Judge Patricia Kerrigan of the 190th District in Houston signed an order Monday dismissing a suit filed by a Galveston County prosecutor who alleged the Commission for Lawyer Discipline (CLD) violated his rights by relying on “illegally gathered and illegally possessed evidence” in a grievance proceeding against him.
In the petition filed Oct. 11, Vikram Vij, an assistant district attorney in Galveston County, alleged the grievance proceeding is based on a partial transcript from a court hearing in a criminal case, and the record in that case has been expunged, putting him at a “distinct disadvantage” in mounting a defense. Vij sought a declaratory judgment that the CLD’s actions violated his Texas constitutional rights; he sought temporary and permanent court orders barring the CLD from using or obtaining any records subject to expunction in the criminal case and from using them in the grievance proceeding against him.

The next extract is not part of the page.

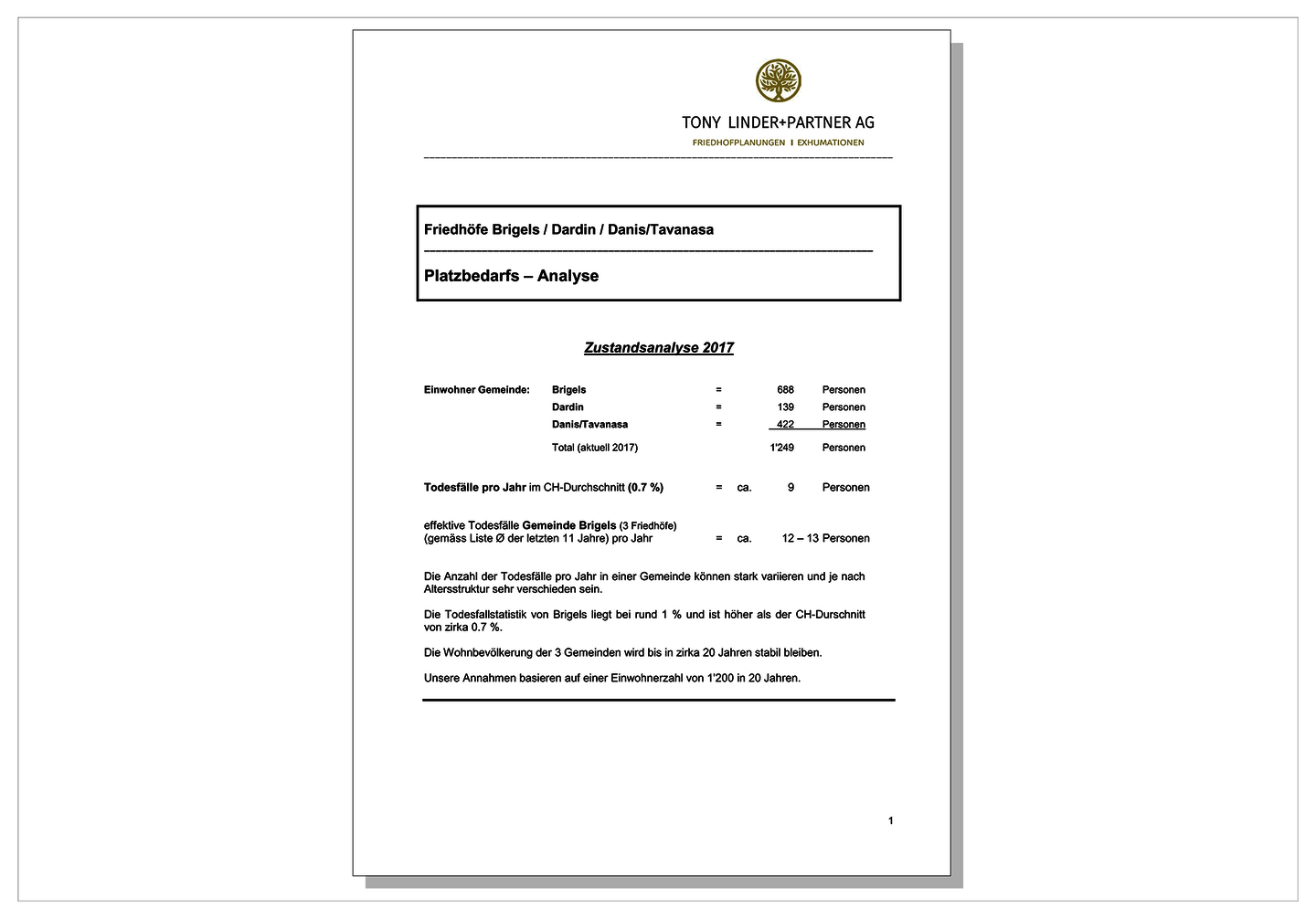 Für eine zukunftsorientierte Planung benötigt man zuerst die bestehenden Daten der Gemeinde (Bevölkerung, Bestattungszahlen, Gräberanzahl und Grabarten). Für den Kunden analysieren wir die Zahlen und berechnen diese für den Platzbedarf der Zukunft.

In her order, Kerrigan found that the CLD’s plea to the jurisdiction is meritorious.
“[T]he Court finds that ordering the Grievance Committee to not use evidence in its proceedings which was anonymously submitted to it and which is part of the record ordered expunged by the trial court would constitute an interference in the process of the State Bar grievance process,” Kerrigan wrote.
Kerrigan wrote that Vij and Jon Hall, a former assistant DA in Galveston County who intervened in the suit, assert that their due process rights have been violated, but “they have not presented to the Court a constitutional challenge to the rules and procedures governing the grievance process.” She writes that they also have not presented their arguments that their due process rights have been violated to the grievance committee.
On Oct. 18, Hall intervened in Vij v. Commission for Lawyer Discipline, alleging in his original petition in intervention that he is similarly situated to Vij because “both are the subject of independent, but interrelated disciplinary actions” initiated by the commission, and that he is entitled to the same injunctive relief.
Ron Rainey, a partner in Tritico Rainey in Houston and an attorney for Vij, did not immediately return a telephone message.
Hall’s attorney, Jennifer Hasley, a partner in Hasley Scarano of Houston, says she will raise the issues presented in the petition to the evidentiary panel hearing the disciplinary action against Hall.
“We hope that we will get a fair hearing and an opportunity to present the same issues and get this issue resolved, but we anticipate the State Bar will fight us every step of the way,” Hasley says.
When asked for a response to Kerrigan’s order, Kim Bueno, public affairs administrator for Chief Disciplinary Counsel for the Commission for Lawyer Discipline Linda Acevedo, provided this written statement:
“The dismissal of Mr. Vij’s lawsuit against the Commission allows the disciplinary proceeding against him to continue in the proper forum. Although Mr. Vij made the matter public by the filing of his suit, we decline any further comment on the proceeding at this time.”
Bueno also declines comment regarding Hall.